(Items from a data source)
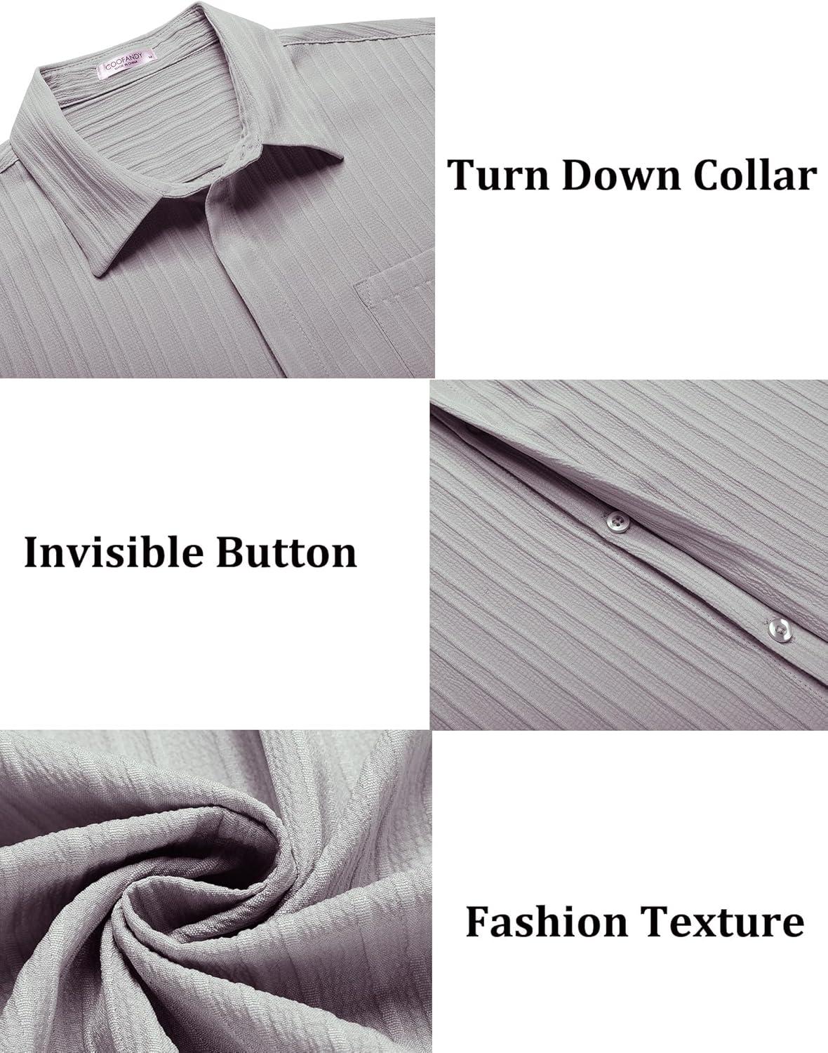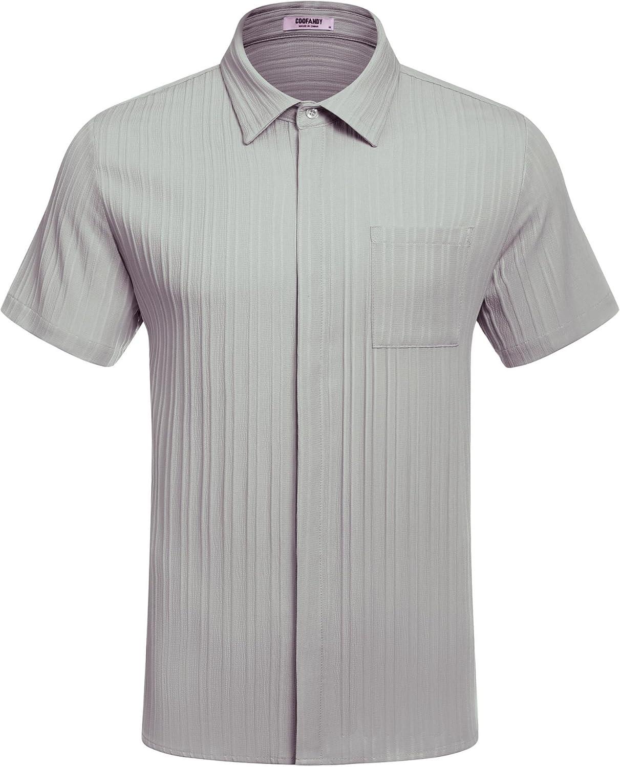 COOFANDY Mens Casual Shirts Short Sleeve Button Down Shirts Fashion Textured Summer Beach Shirt(Light Gray)
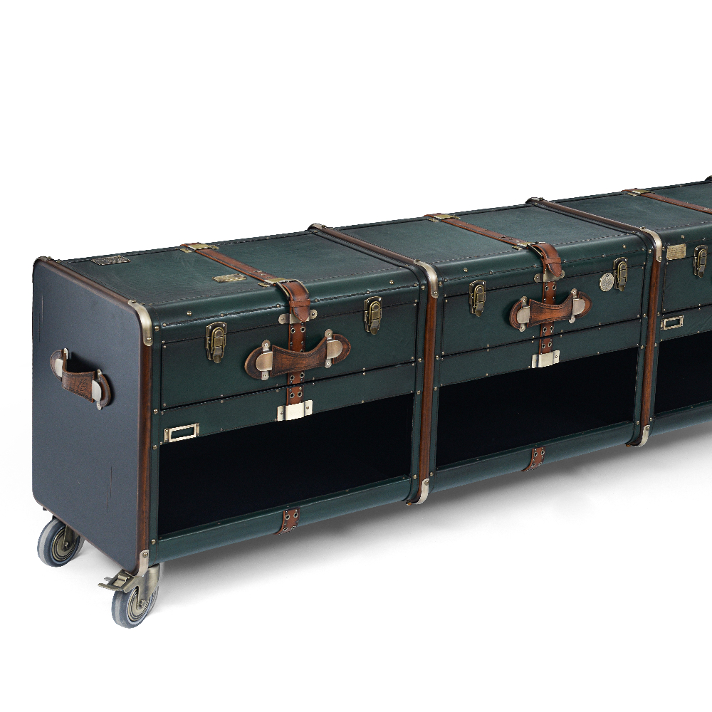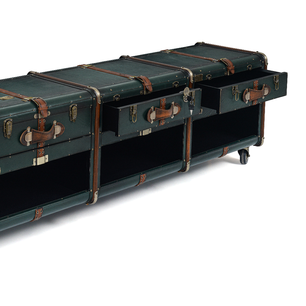 Natural Vaketa deri kaplama ve pirinç aksesuarlı, çekmeceli tv sehpası.
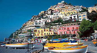 A hegyoldalban teraszosan aláereszkedő Positano a maga nemében páratlan látványt nyújt, és kétségkívül a legfestőibb és legtöbbet fotózott parti városka is egyben. Mielőtt idelátogatunk, nem árt edzésbe hozni mozgástól elszokott lábizmainkat, ugyanis a salernói öböl fölé magasodó, szinte már-már függőleges sziklafalra épült városban lépcsők tömkelegével találjuk szembe magunkat. Az élénk színűre festett házikók teraszosan sorakoznak egymás fölé, és szinte belesimulnak a háttérül szolgáló hegyoldalba. Narancs- és citromkertjei festőien szépek, teraszairól pedig egyedülállóan látványos panorámában lehet részünk, ha kitekintünk az azúrkék tengerre és a szűk öbölre. Positano jószerével egyetlen látnivalója a kicsiny Santa Maria Assunta templom, melynek majolikakupolája amely technika egyébként az egész környék templomépítészetét jellemzi – ragyog a napfényben.
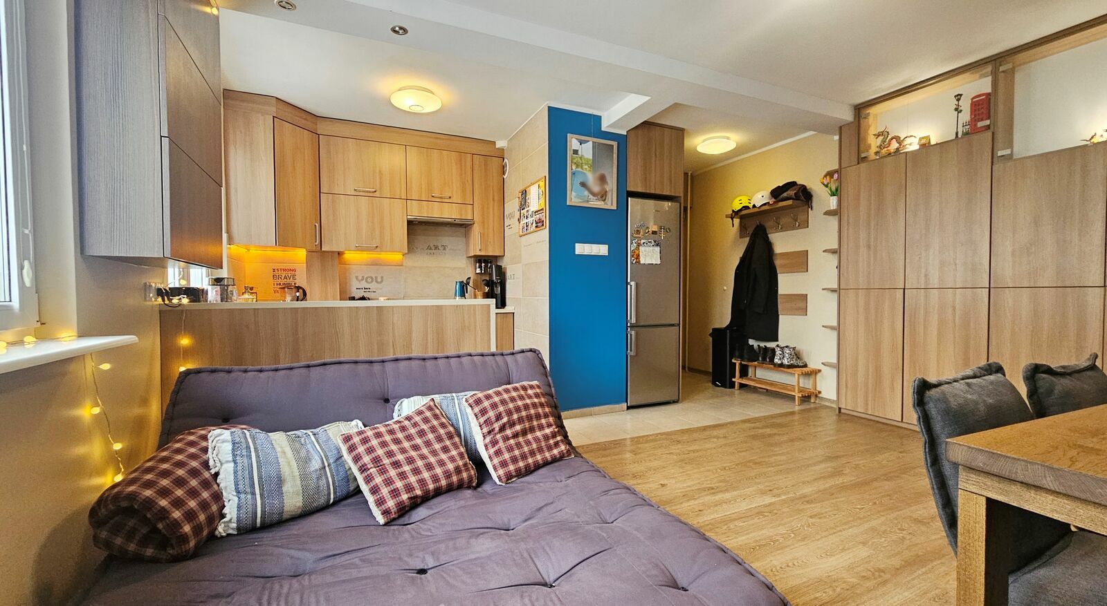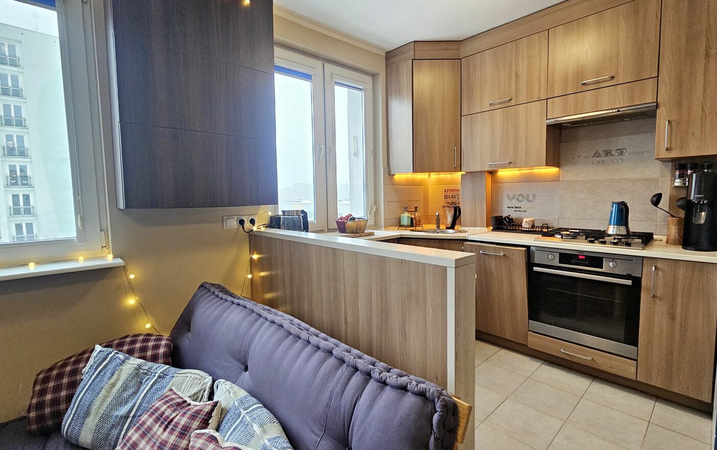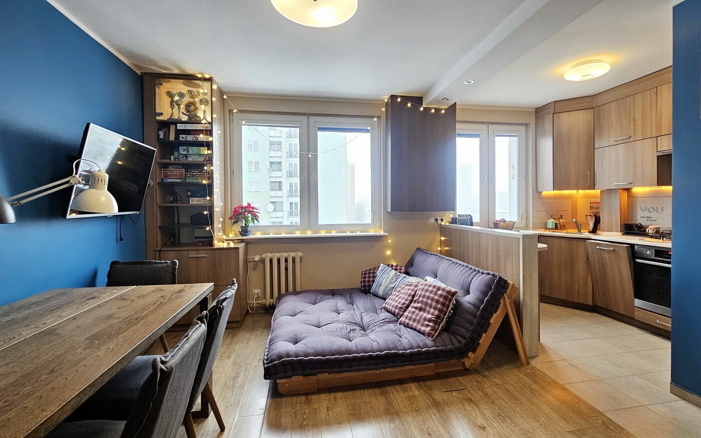 Mieszkanie dwustronne, posiada pięknie doświetlony pokój dzienny połączony z aneksem kuchennym, 2 sypialnie, łazienkę z wc. Kilka lat temu przeszło gruntowny remont ( wymiana instalacji , nowe tynki, stolarka, zabudowa stała wykonana pod wymiar w pokojach , w kuchni ️ pozostaje w cenie mieszkania, wraz ze sprzętami agd ( zmywarka, kuchenka, lodówka, pralko-suszarka ️ ).
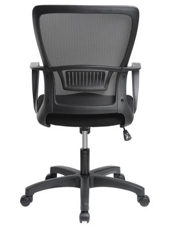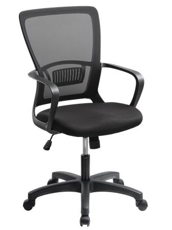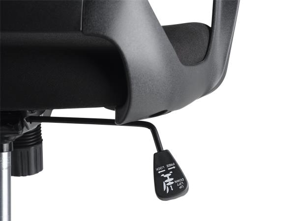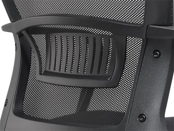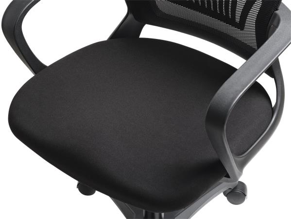 Kancelárska stolička s pohodlným sedadlom dizajnové prevedenie výškové nastavenie pomocou plynového piestu pevná, priedušná sieťovaná opierka chrbta nastaviteľná bedrová opierka aretovateľná hojdacia mechanika pevné opierky nosnosť: 110 kg Poťah: sedadlo: odolná, protioderová látka operadlo: napnutá sieťovaná tkanina
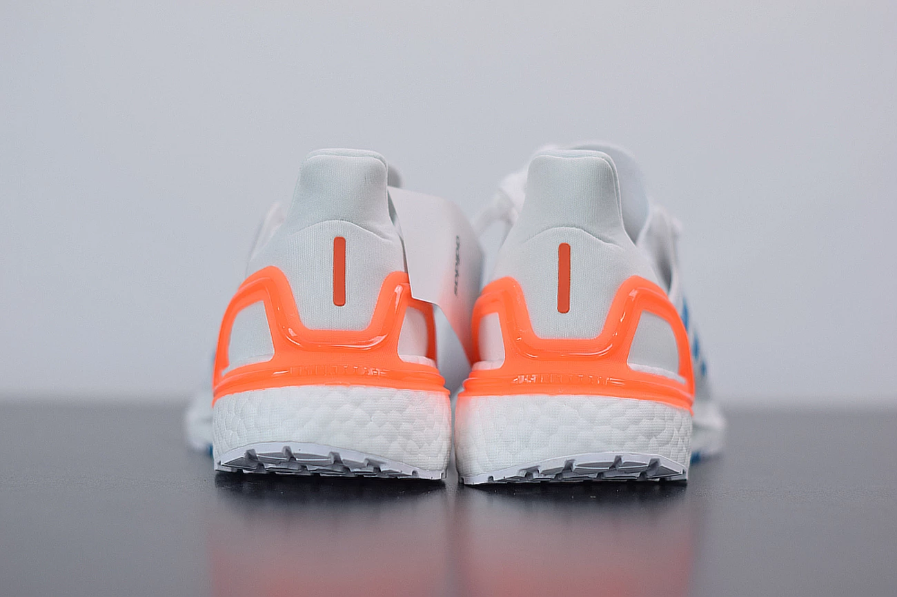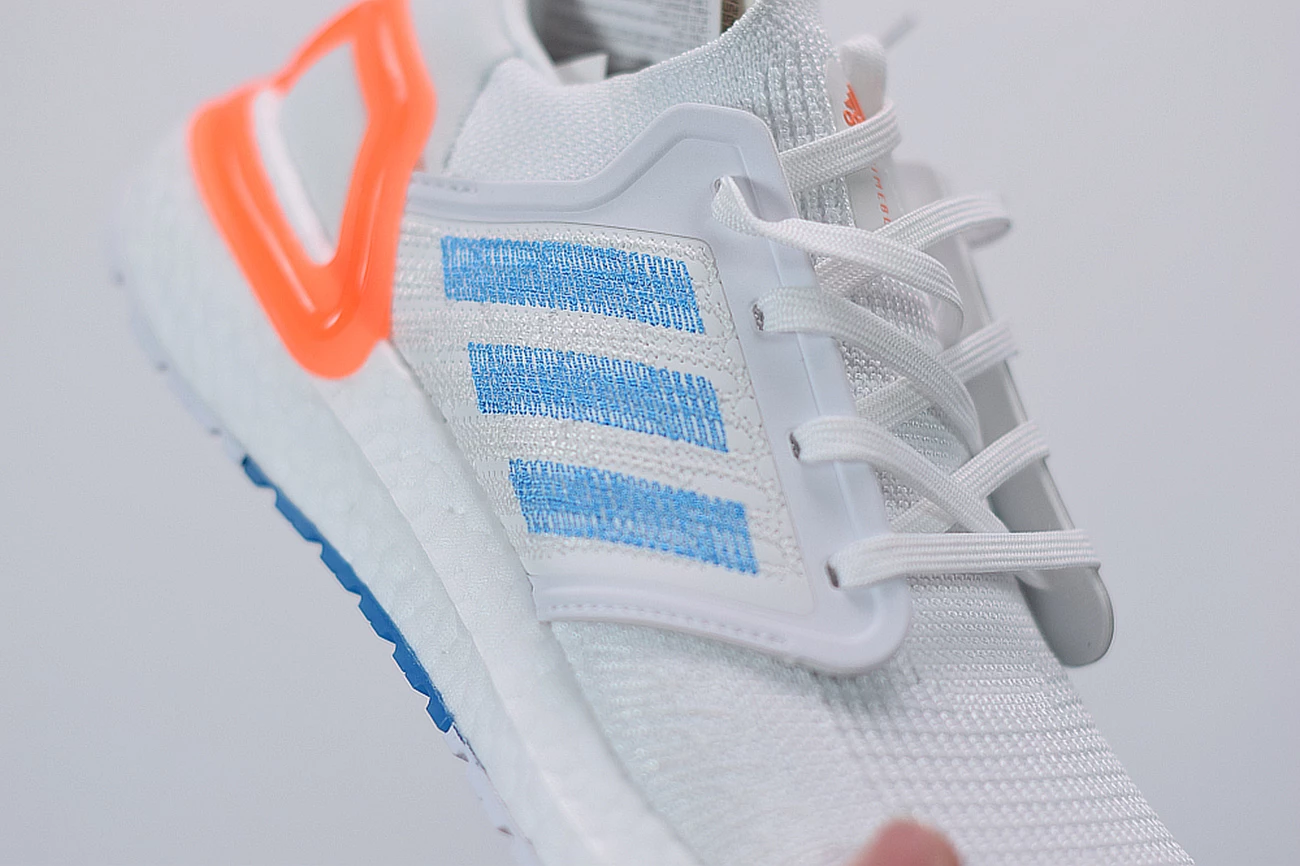 Though the material used on this new PRIMEBLUE UltraBOOST may differ slightly from previous models, no performance is sacrificed in the hunt for sustainability. White Primeknit uppers feature Tailored Fiber Placement technology for an adaptive, responsive fit, while midfoot cages and heel clips add support and structure. These pieces also handle a lion’s share of the detailing: the cage adds a rough-hewn blue Three Stripe graphic, and the clip takes on a vibrant orange hue. Tongues add a little detail to the mix as well by way of an orange PRIMEBLUE hit.

__Your task__: Give back the records above word for word, minus any image they hold.

__Reply to the task__:
 COOFANDY Mens Casual Shirts Short Sleeve Button Down Shirts Fashion Textured Summer Beach Shirt(Light Gray)
 Natural Vaketa deri kaplama ve pirinç aksesuarlı, çekmeceli tv sehpası.
 A hegyoldalban teraszosan aláereszkedő Positano a maga nemében páratlan látványt nyújt, és kétségkívül a legfestőibb és legtöbbet fotózott parti városka is egyben. Mielőtt idelátogatunk, nem árt edzésbe hozni mozgástól elszokott lábizmainkat, ugyanis a salernói öböl fölé magasodó, szinte már-már függőleges sziklafalra épült városban lépcsők tömkelegével találjuk szembe magunkat. Az élénk színűre festett házikók teraszosan sorakoznak egymás fölé, és szinte belesimulnak a háttérül szolgáló hegyoldalba. Narancs- és citromkertjei festőien szépek, teraszairól pedig egyedülállóan látványos panorámában lehet részünk, ha kitekintünk az azúrkék tengerre és a szűk öbölre. Positano jószerével egyetlen látnivalója a kicsiny Santa Maria Assunta templom, melynek majolikakupolája amely technika egyébként az egész környék templomépítészetét jellemzi – ragyog a napfényben.
 Mieszkanie dwustronne, posiada pięknie doświetlony pokój dzienny połączony z aneksem kuchennym, 2 sypialnie, łazienkę z wc. Kilka lat temu przeszło gruntowny remont ( wymiana instalacji , nowe tynki, stolarka, zabudowa stała wykonana pod wymiar w pokojach , w kuchni ️ pozostaje w cenie mieszkania, wraz ze sprzętami agd ( zmywarka, kuchenka, lodówka, pralko-suszarka ️ ).
 Kancelárska stolička s pohodlným sedadlom dizajnové prevedenie výškové nastavenie pomocou plynového piestu pevná, priedušná sieťovaná opierka chrbta nastaviteľná bedrová opierka aretovateľná hojdacia mechanika pevné opierky nosnosť: 110 kg Poťah: sedadlo: odolná, protioderová látka operadlo: napnutá sieťovaná tkanina
 Though the material used on this new PRIMEBLUE UltraBOOST may differ slightly from previous models, no performance is sacrificed in the hunt for sustainability. White Primeknit uppers feature Tailored Fiber Placement technology for an adaptive, responsive fit, while midfoot cages and heel clips add support and structure. These pieces also handle a lion’s share of the detailing: the cage adds a rough-hewn blue Three Stripe graphic, and the clip takes on a vibrant orange hue. Tongues add a little detail to the mix as well by way of an orange PRIMEBLUE hit.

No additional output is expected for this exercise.